16th President of Centre College
- In office January 1, 1947 – August 31, 1957
- Preceded by: Robert J. McMullen
- Succeeded by: Thomas A. Spragens

Personal details
- Born: March 10, 1898 Germantown, Philadelphia, Pennsylvania, U.S.
- Died: September 22, 1983 (aged 85) Albany, Georgia, U.S.
- Resting place: Crown Hill Cemetery Albany, Georgia, U.S.
- Spouse: Estelle Crawford ​(m. 1925)​
- Children: 4
- Education: Lafayette College (B.A.); Princeton Theological Seminary; University of Pennsylvania (Ph.D.);

Military service
- Branch/service: United States Army
- Rank: Second lieutenant
- Battles/wars: World War I

= Walter A. Groves =

American missionary, minister, educator, and academic administrator

Walter Alexander Groves (March 10, 1898 – September 22, 1983) was an American missionary, minister, educator, and academic administrator who was the 16th president of Centre College in Danville, Kentucky. He was born in Philadelphia and graduated from Central High School before enrolling at Lafayette College in Easton, Pennsylvania. He spent three years there before leaving to enlist in the army during World War I. After the war's conclusion, he returned to Lafayette and graduated in July 1919. He spent the following three years studying at Princeton Theological Seminary but came one class shy of meeting the requirements for his degree. He returned to Lafayette to teach in 1922 and was ordained as a minister the following year; in 1925, he left the United States for missionary work in Tehran and spent the majority of the next fifteen years there.

Groves and his family left Iran in July 1940, shortly before the Anglo-Soviet invasion of the country. While on the ship home, he received a telegram from Centre College president Robert L. McLeod offering him a job as professor of philosophy and religion. Groves accepted and taught his first class at Centre in October 1940, the morning after arriving on campus for the first time. After teaching at Centre for two years, Groves became professor of theology at Louisville Presbyterian Theological Seminary and spent four and a half years there before returning to Centre as its president in January 1947. During his ten-year term in charge of the school, Groves managed personnel issues with the faculty and students; he started a campaign to encourage professors to pursue doctoral degrees.

Groves strengthened Centre's ties to the Presbyterian Church; he held the church's pro-desegregation views and wished for those views to be adopted by the college. Disagreements with the board of trustees on this issue ultimately led to his resignation effective August 1957. He returned to Iran shortly after and spent time in administration at the Abadan Institute of Technology and Pahlavi University before returning to the United States to retire. He went back to Iran a final time in 1966 to preach; while there, he helped to found Damavand College. He died in Albany, Georgia, in 1983.
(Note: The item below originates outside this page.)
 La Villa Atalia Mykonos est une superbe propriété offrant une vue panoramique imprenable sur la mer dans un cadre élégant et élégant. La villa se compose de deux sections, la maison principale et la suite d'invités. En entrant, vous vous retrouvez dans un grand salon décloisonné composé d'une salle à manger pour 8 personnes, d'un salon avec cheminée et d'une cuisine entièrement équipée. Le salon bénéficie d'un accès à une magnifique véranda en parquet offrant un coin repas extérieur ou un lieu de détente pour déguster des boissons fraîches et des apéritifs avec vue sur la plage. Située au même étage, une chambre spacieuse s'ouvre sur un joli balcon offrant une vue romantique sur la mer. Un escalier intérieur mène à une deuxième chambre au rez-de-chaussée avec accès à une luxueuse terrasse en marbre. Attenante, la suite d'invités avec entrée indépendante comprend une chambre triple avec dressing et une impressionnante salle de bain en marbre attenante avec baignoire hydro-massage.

==Early life and education==
Groves was born on March 10, 1898, in Germantown, Philadelphia, Pennsylvania. Both of his parents were immigrants from the British Isles: his mother, Ellen, was born in England and immigrated in 1885, and his father, Robert, was born in County Down, Ireland, and immigrated in 1883. Groves was the oldest of six children in his family; he had five younger sisters, two of whom died in infancy. He graduated from Central High School in 1915. He completed three years of schooling at Lafayette College, in Easton, Pennsylvania, before leaving to enlist in the army during World War I. He was sent to training in Plattsburg, New York, and had spent three months there before the Selective Service Act of 1917 was expanded to include men 18 years and older, after which he took up training at Camp Taylor in Louisville, Kentucky. He was commissioned as a second lieutenant and served until the armistice was signed on November 11, 1918. He returned to Lafayette in January 1919 and graduated magna cum laude with a Bachelor of Arts degree in July of that year. While at Lafayette, he was a member of Sigma Alpha Epsilon, Phi Beta Kappa, and the cross country team, and was captain of the track team.
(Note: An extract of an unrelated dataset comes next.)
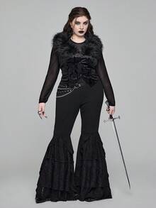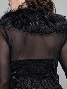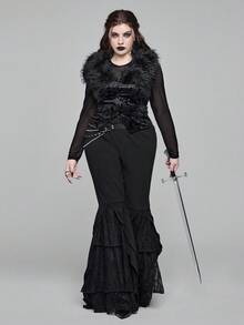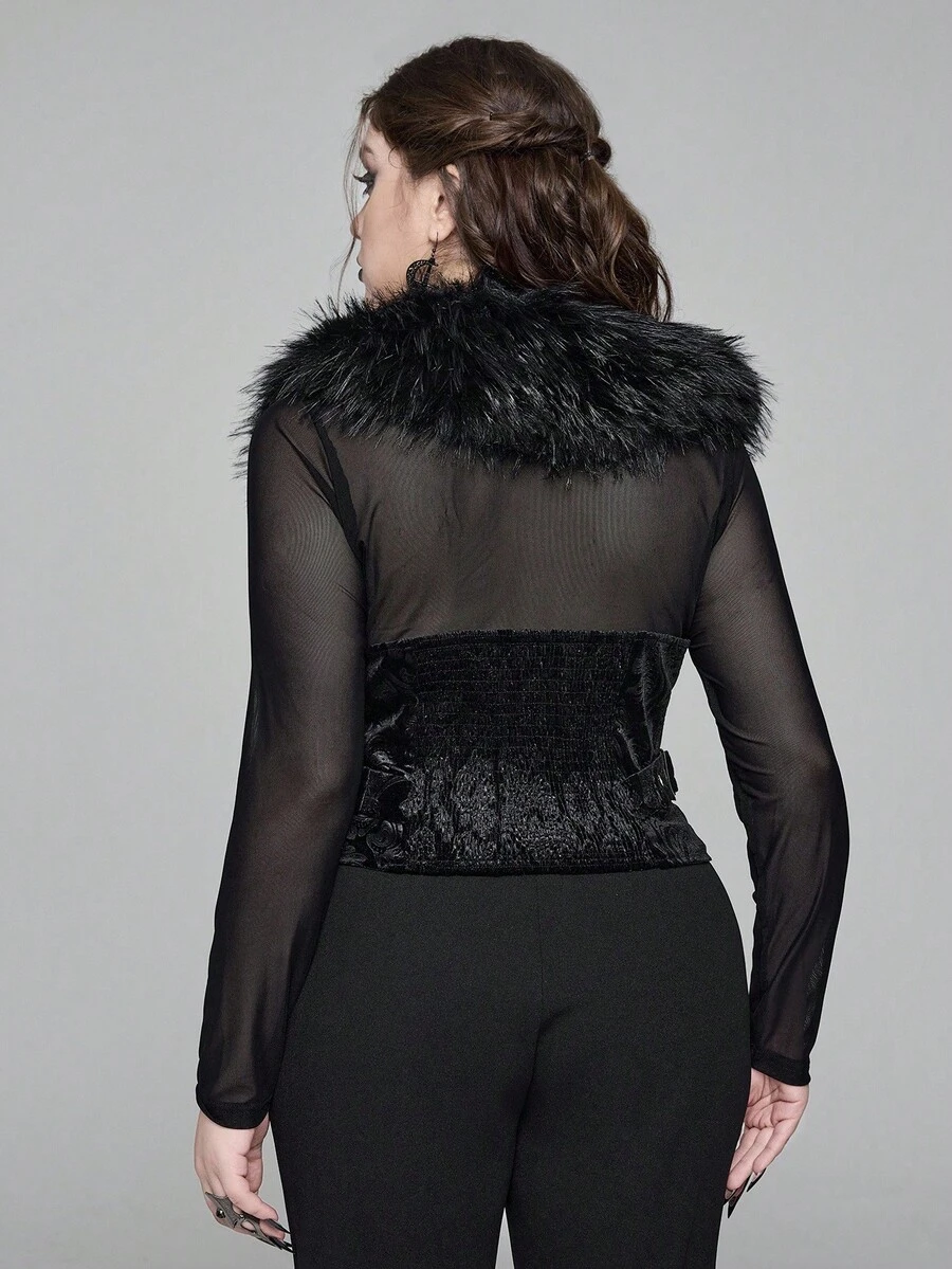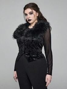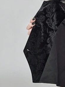 EDITION Plus Size Goth Mysterious Velvet Print Detachable Faux Fur Collar Vest

Groves enrolled at Princeton Theological Seminary in September 1919 and completed his studies there in 1922, though he did not receive a degree because he lacked one necessary course. (Note: Some sources list Groves as holding a Master of Arts degree from Princeton, but in an interview Groves gave he stated "I came back [from Turkey] at the first of the year and reentered the Seminary and concluded my studies there, though I still lacked one course, which means I never really received any degree from Princeton Theological Seminary.") He went on to earn a Ph.D. from the University of Pennsylvania in 1925.
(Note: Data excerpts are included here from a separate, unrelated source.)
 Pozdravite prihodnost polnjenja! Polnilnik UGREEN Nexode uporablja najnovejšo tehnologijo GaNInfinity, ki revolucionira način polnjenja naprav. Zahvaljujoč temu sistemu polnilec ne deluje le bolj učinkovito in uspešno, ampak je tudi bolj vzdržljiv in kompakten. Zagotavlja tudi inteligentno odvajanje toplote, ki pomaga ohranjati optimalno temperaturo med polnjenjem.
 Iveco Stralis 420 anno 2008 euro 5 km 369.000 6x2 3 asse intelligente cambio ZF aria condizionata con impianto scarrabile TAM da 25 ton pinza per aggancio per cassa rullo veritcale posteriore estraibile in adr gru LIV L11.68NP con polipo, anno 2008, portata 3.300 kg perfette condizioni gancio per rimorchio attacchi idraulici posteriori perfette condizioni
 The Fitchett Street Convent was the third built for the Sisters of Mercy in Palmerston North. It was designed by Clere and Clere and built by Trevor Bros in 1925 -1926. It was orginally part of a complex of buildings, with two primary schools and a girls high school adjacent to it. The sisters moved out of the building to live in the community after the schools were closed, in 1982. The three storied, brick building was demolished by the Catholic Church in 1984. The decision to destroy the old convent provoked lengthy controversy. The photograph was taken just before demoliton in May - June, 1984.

==Early career and missionary work==
Groves began his professional career when he joined the faculty of his alma mater, Lafayette, as a professor of history and the Bible in 1922; he spent two academic years in this position. In 1923, the Presbytery of Philadelphia ordained him as a minister, and from 1924 to 1925 he was the secretary of the Presbyterian Church in the United States of America (PCUSA) Board of Foreign Missions.

Very shortly after Groves was married to Estelle Crawford, on March 10, 1925, the couple left for missionary work at the American School of Tehran (now Alborz Mandegar High School) in Tehran. At the time, it was led by Lafayette alumnus Samuel Martin Jordan as a part of the "Lafayette in Persia" program. Groves gained more responsibilities in addition to his teaching as his 15-year stint at the school progressed: from 1925 to 1931 he was the registrar, and he left that position to become dean. The family left Iran only twice—on furlough in 1930 and 1938–1939 when they returned to the United States—during this span. They left for good in July 1940, shortly before the invasion of Iran and the abdication of Reza Shah. Due to the conflict, they were forced to leave on a ship sailing out of Bombay, which they did on July 24, and they arrived in the United States after 39 days.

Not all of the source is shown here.